• _DATA EXTRACT_:
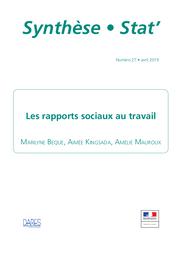 Ce numéro de la collection Synthèse.Stat présente les résultats de l’enquête Conditions de travail - Risques psychosociaux de 2016 concernant les différents aspects des rapports sociaux au travail. Il aborde les formes de coopération au sein du collectif de travail, les différentes formes de désaccords et de violence au travail, des situations de tensions aux agressions. Enfin, même si l’enquête Conditions de travail - Risques psychosociaux 2016 est assez succincte sur ces sujets, une dernière partie porte sur l’autonomie collective et la participation. Ce numéro recouvre un des six axes d’analyse des risques psychosociaux construits par le collège d’expertise sur le suivi statistique des risques psychosociaux au travail : les rapports sociaux au travail (axe 4). Cinq autres numéros sont publiés pour rendre compte des résultats de l’enquête Conditions de travail-Risques psychosociaux : contraintes physiques, et intensité du travail (enregistré dans INRS-Biblio sous le numéro 522817) ; organisation du temps de travail (n° INRS-Biblio 522786) ; autonomie dans le travail (n° INRS-Biblio 518935) ; conflits de valeurs et exigences émotionnelles (n° INRS-Biblio 522787) ; reconnaissance, insécurité et changements dans le travail (n° INRS-Biblio 522817).
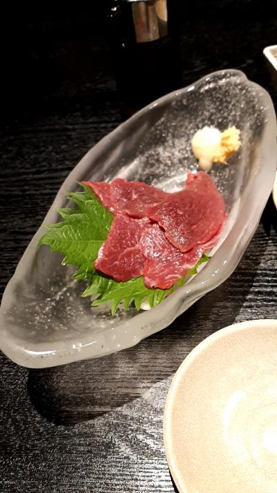 夜定食のメニューもそこそこ種類があり、サイコロステーキ定食を注文。さらに赤のグラスワインを追加。ホテル提携クーポンで、馬刺しがサービスとして提供された。
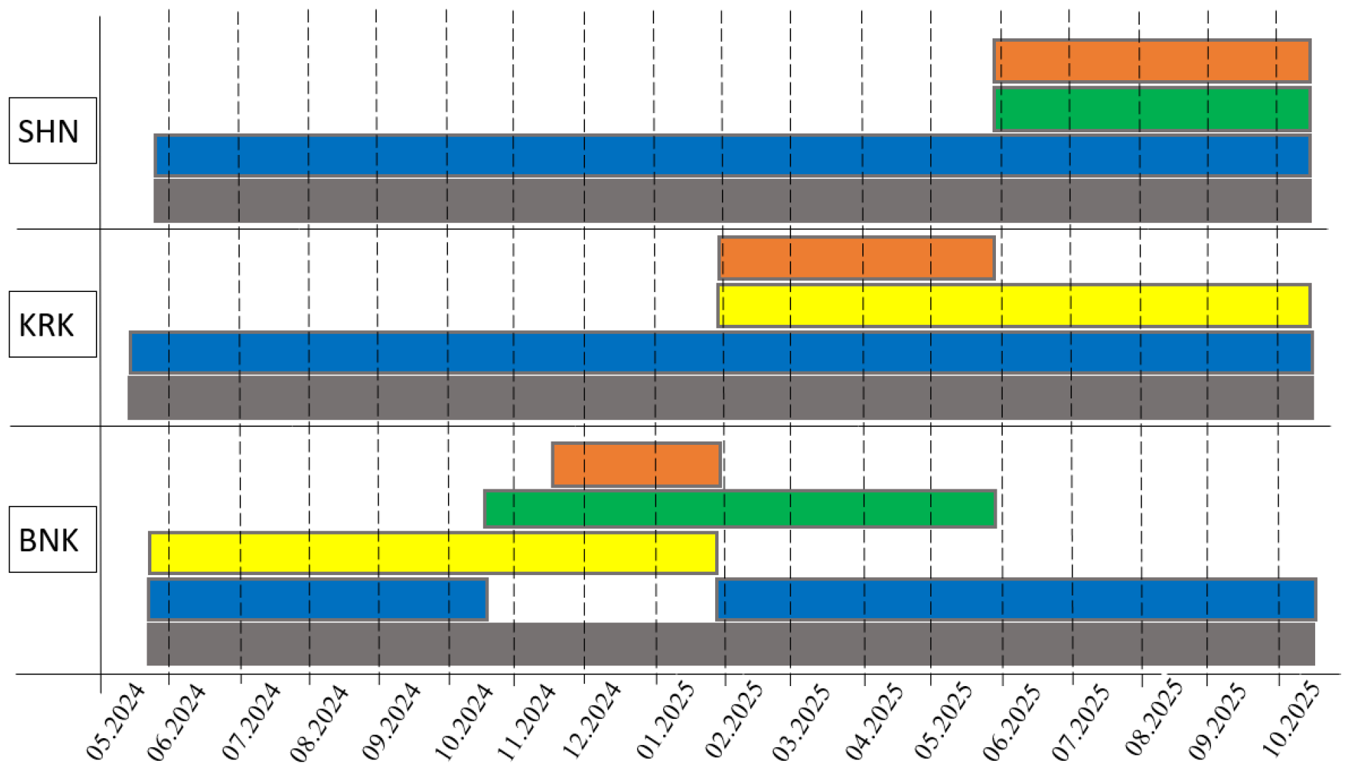 Figure 3 shows a diagram of the field stations’ operational periods and their equipment to study seismic, infrasound, and meteorological parameters. The diagram shows the periods and stations at which comprehensive studies of seismic, infrasound, and meteorological data are possible.

• _DIRECTIONS FOR THIS TASK_: The whole listing above needs to be copied exactly; please keep the pictures out.

• _TASK ANSWER_:
 Ce numéro de la collection Synthèse.Stat présente les résultats de l’enquête Conditions de travail - Risques psychosociaux de 2016 concernant les différents aspects des rapports sociaux au travail. Il aborde les formes de coopération au sein du collectif de travail, les différentes formes de désaccords et de violence au travail, des situations de tensions aux agressions. Enfin, même si l’enquête Conditions de travail - Risques psychosociaux 2016 est assez succincte sur ces sujets, une dernière partie porte sur l’autonomie collective et la participation. Ce numéro recouvre un des six axes d’analyse des risques psychosociaux construits par le collège d’expertise sur le suivi statistique des risques psychosociaux au travail : les rapports sociaux au travail (axe 4). Cinq autres numéros sont publiés pour rendre compte des résultats de l’enquête Conditions de travail-Risques psychosociaux : contraintes physiques, et intensité du travail (enregistré dans INRS-Biblio sous le numéro 522817) ; organisation du temps de travail (n° INRS-Biblio 522786) ; autonomie dans le travail (n° INRS-Biblio 518935) ; conflits de valeurs et exigences émotionnelles (n° INRS-Biblio 522787) ; reconnaissance, insécurité et changements dans le travail (n° INRS-Biblio 522817).
 夜定食のメニューもそこそこ種類があり、サイコロステーキ定食を注文。さらに赤のグラスワインを追加。ホテル提携クーポンで、馬刺しがサービスとして提供された。
 Figure 3 shows a diagram of the field stations’ operational periods and their equipment to study seismic, infrasound, and meteorological parameters. The diagram shows the periods and stations at which comprehensive studies of seismic, infrasound, and meteorological data are possible.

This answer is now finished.